[Python-Dev] Packaging and binary distributions for Python 3.3 (original) (raw)

Michael Foord fuzzyman at voidspace.org.uk
Mon Oct 10 01:34:17 CEST 2011


On 9 Oct 2011, at 21:14, Paul Moore wrote:

On 9 October 2011 20:47, Tarek Ziadé <ziade.tarek at gmail.com> wrote:

On Sun, Oct 9, 2011 at 9:31 PM, PJ Eby <pje at telecommunity.com> wrote: ...

What we can do however is to see what bdistegg does and define a new bdist command inspired by it, but without zipping, pkgresource calls, etc.

Why? If you just want a dumb bdist format, there's already bdistdumb. Conversely, if you want a smarter format, why reinvent wheels? Just to make sure we're on the same page here. PEP 376 provide the installation format for the 'future' -- http://www.python.org/dev/peps/pep-0376/ [...] Now for a binary archive, that would get installed ala PEP 376, why not ? I'd just be curious to have someone list the advantage of having a project released that way besides the "importable as-is" feature. Agreed. I'm not looking at a new binary installed format - PEP 376 covers this fine. What I am looking at is how/if users without a compiler can get a file that contains all the bits they need to install a distribution.

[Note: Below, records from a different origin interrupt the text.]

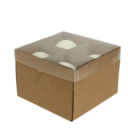 De hvite gåseggene er pakket i en eske med 4 og er omtrent 7 centimeter store. Med litt håndverk kan du også lage uvanlige blomstervaser av de dekorative eggene. Bruk det lille hullet og utvid det forsiktig og legg noen nellik, påskeliljer eller til og med en hibiskus der inne. Nå trenger du fortsatt en ideell holder, og du kan inspirere familie og venner med dette blomsteroppsettet.
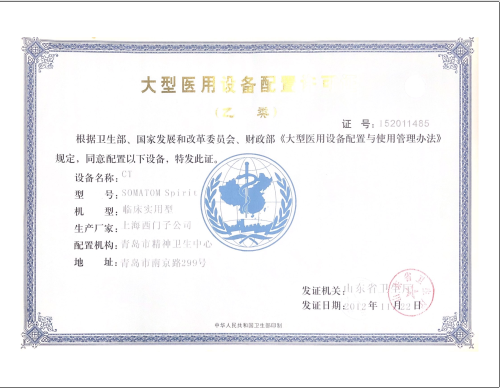 青岛市精神卫生中心大型医用设备配置许可证
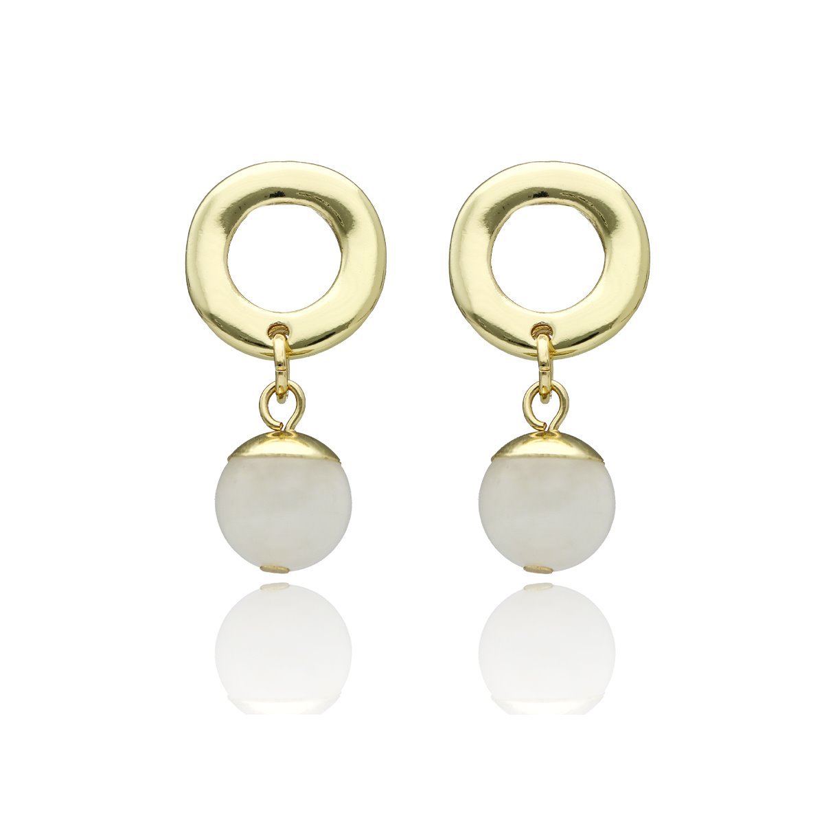Eleganckie kolczyki z naturalnym jadeitem mlecznym łączą minimalistyczną formę z klasycznym wykończeniem. Jasne kamienie w zestawieniu ze złotymi elementami tworzą lekką, kobiecą i uniwersalną kompozycję.
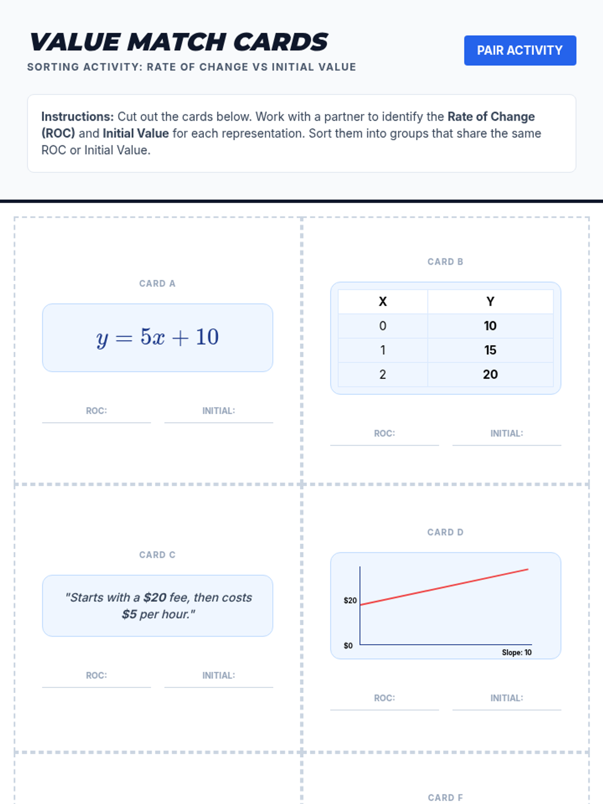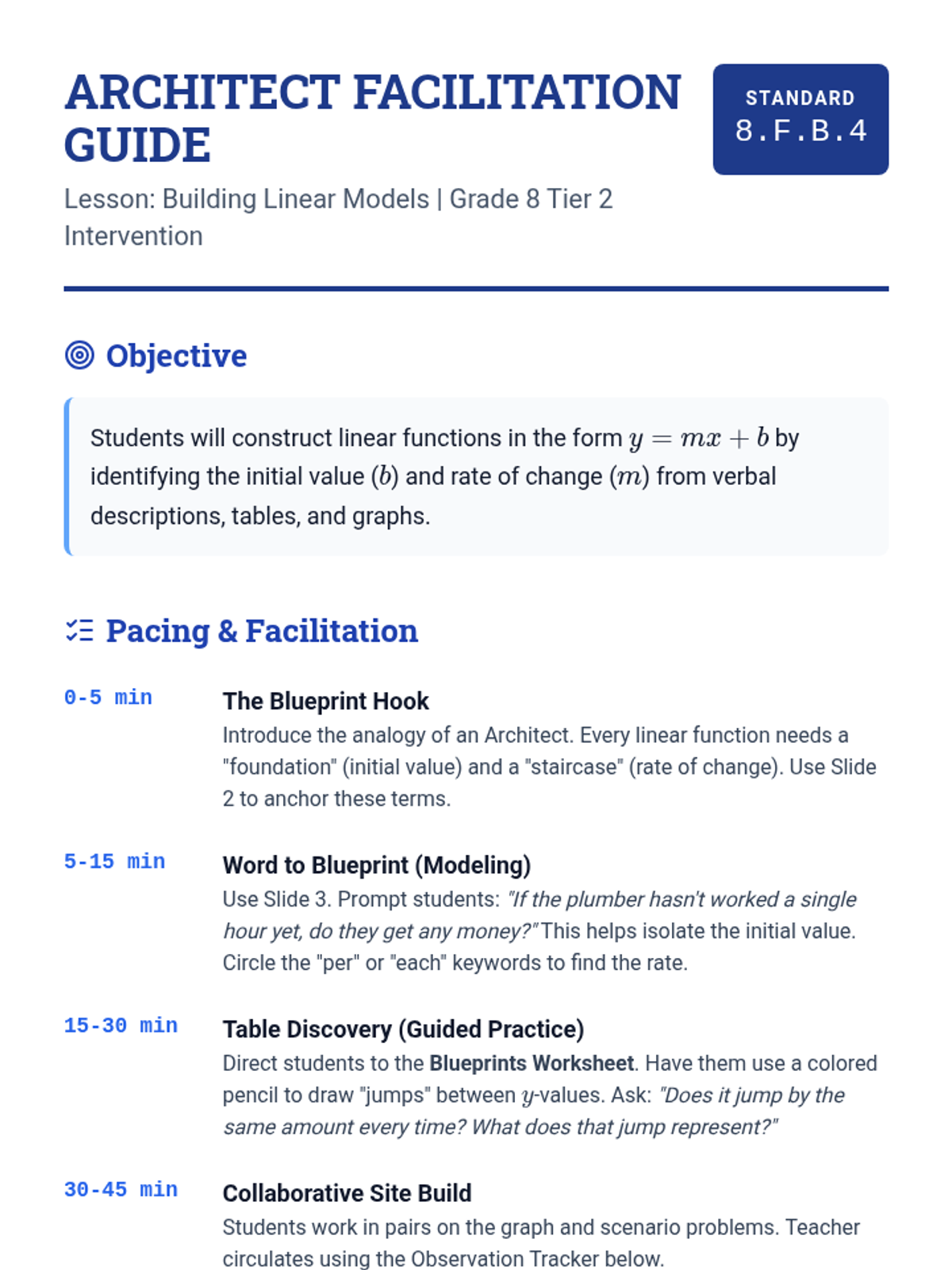 A Tier 2 intervention sequence focused on helping 8th-grade students master the construction and interpretation of linear functions ($y = mx + b$) from various representations. The sequence emphasizes scaffolding, contextual meaning, and procedural fluency with rate of change and initial values.
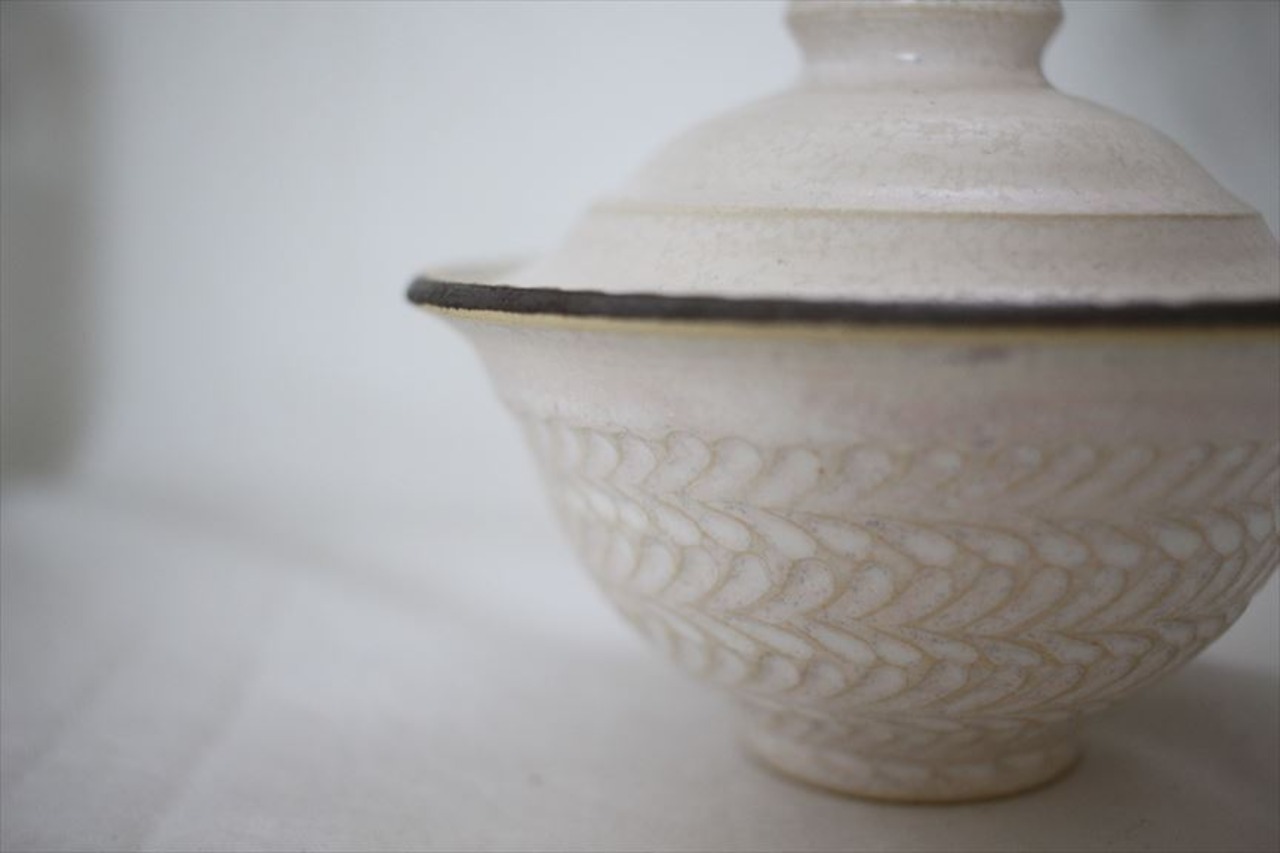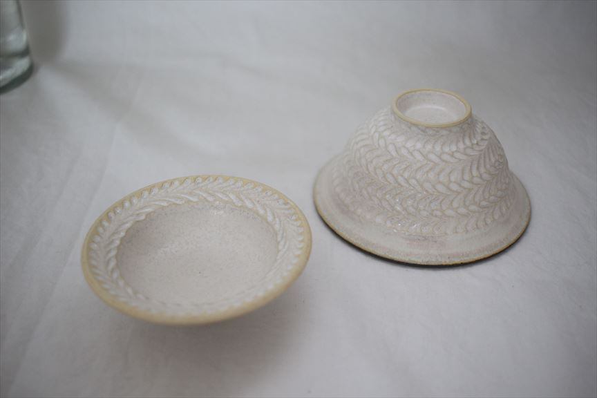 手彫りでありながら細かく正確な模様が施された作品たちは、清楚で美しく、凛とした姿に心惹かれます。
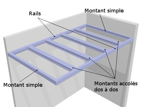 Les rails et les montants simples seront percés et fixés aux murs, en suivant bien entendu une parfaite horizontalité 😉 !
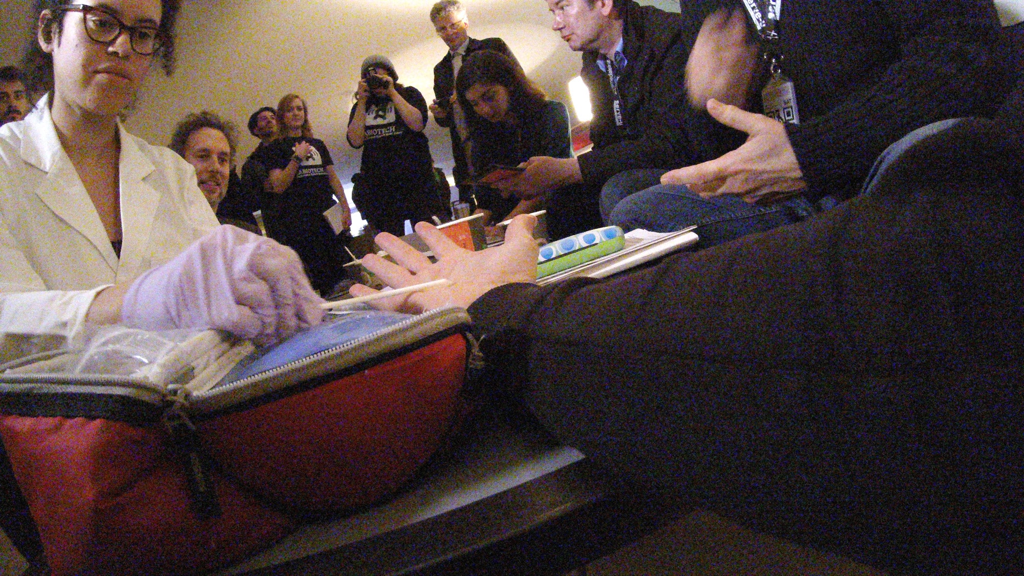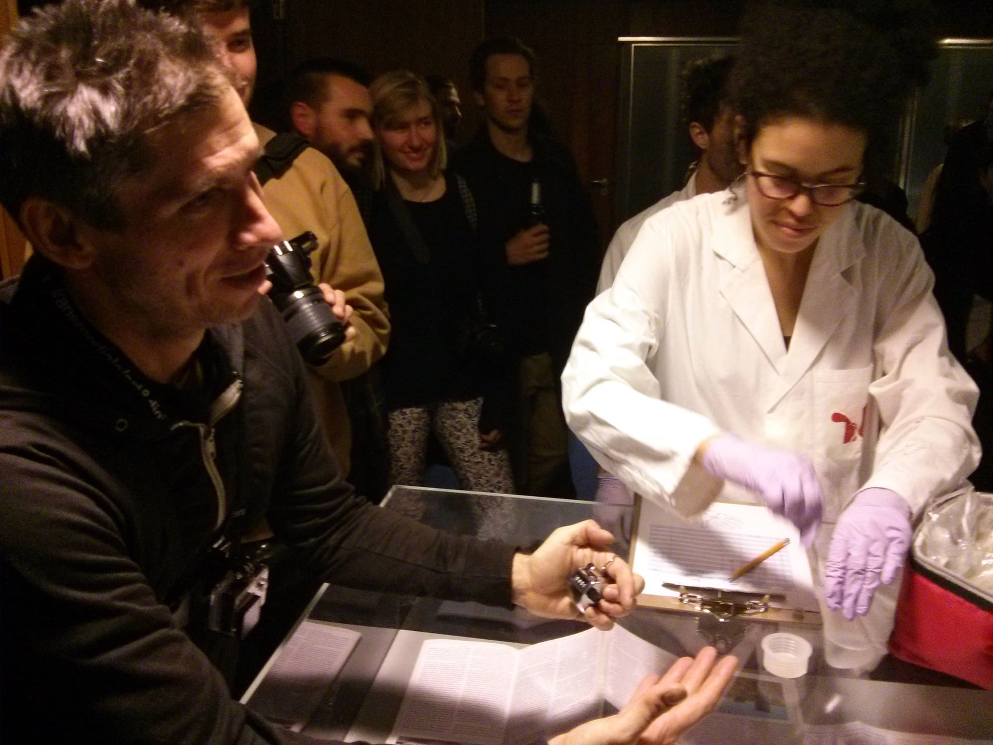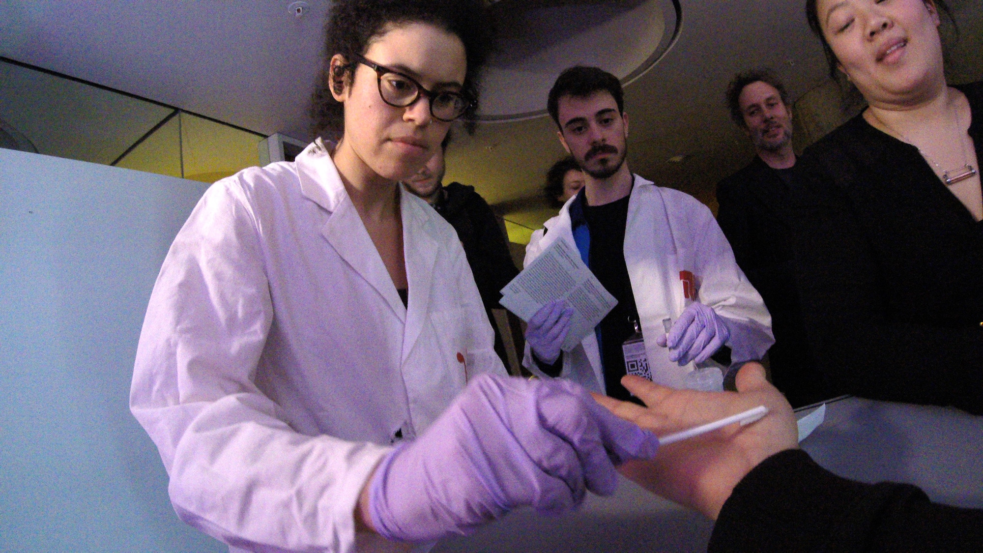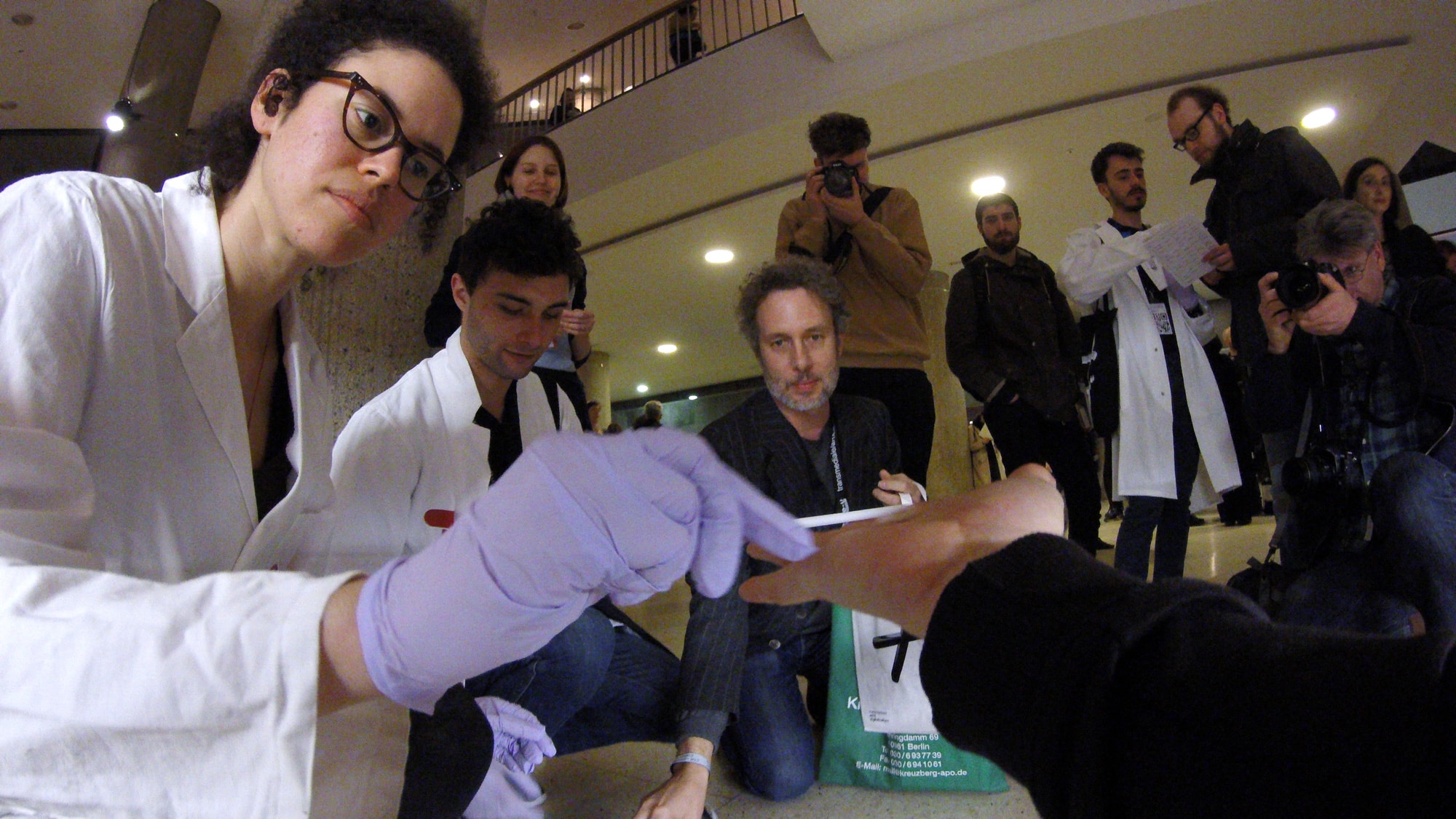 During this performative experiment Lapointe will shake hands with people, gradually changing the invisible microbial community in the palm of his hand. The DNA of this microbiome, whose samples will be taken from his skin during the performance, will then be analysed to reveal how our contact with others shapes the microbes between us, how it changes who we are. The performance raises awareness through physical and social engagement, through acts of participation and exchange on social, individual and microbial levels. The handshake is a basic and ancient act of networking, forms the beginning of a social, scientific and artistic collaboration between the performer and the public. The results will form part of the exhibition The Other Selves. On the Phenomenon of the Microbiome opening later that month at Art Laboratory Berlin.

Just to agree with Paul, a typical Windows Python user will not be able to install a non-binary version of a distribution that includes C code. Even on the Mac it is common to distribute binaries.

Michael

My expectation would be that the user would type pysetup install somebinaryformatfile.zip and have that file unpacked and all the "bits" put in the appropriate place. Basically just like installing from a source archive - pysetup install project-1.0.tar.gz - but skipping the compile steps because the compiler output files are present. That may need some extra intelligence in pysetup if it doesn't have this feature already (I sort of assumed it would, but that's likely because of my interest in binary formats) but if not it shouldn't be hard to add - just unzip the bits into the right place, or something similar. As regards the format, bdistdumb is about the right level - but having just checked it has some problems (which if I recall, have been known for some time, and are why bdistdumb doesn't get used). Specifically, bdistdumb puts the location of site-packages ON THE BUILD SYSTEM into the archive, making it useless for direct unzipping on a target system which has Python installed somewhere else. See the following for an example: PS D:\Data\python-sample> unzip -l .\dist\PackageName-1.0.win32.zip Archive: ./dist/PackageName-1.0.win32.zip Length EAs ACLs Date Time Name -------- --- ---- ---- ---- ---- 6656 0 0 09/10/11 20:56 Apps/Python32/Lib/site-packages/hello.pyd 208 0 0 09/10/11 20:56 Apps/Python32/Lib/site-packages/PackageName-1.0-py3.2.egg-info -------- ----- ----- ------- 6864 0 0 2 files It should be simple enough to fix this in bdistdumb, although a new name might be needed if backward compatibility of the old broken format matters... If pysetup doesn't have support for binary archives at all, then I'm happy to take a look at what might be involved in adding this. But I don't know the code at all, and I have little time, so I'm rather hoping I won't need to... Paul. PS The problem for me is that if pysetup only handles source builds, it's STILL annoyingly incomplete for my requirements (and possibly many Windows users') So I feel this is a hole that needs to be filled before 3.3 is released, or pysetup won't be suitable as "the way to do all packaging in Python".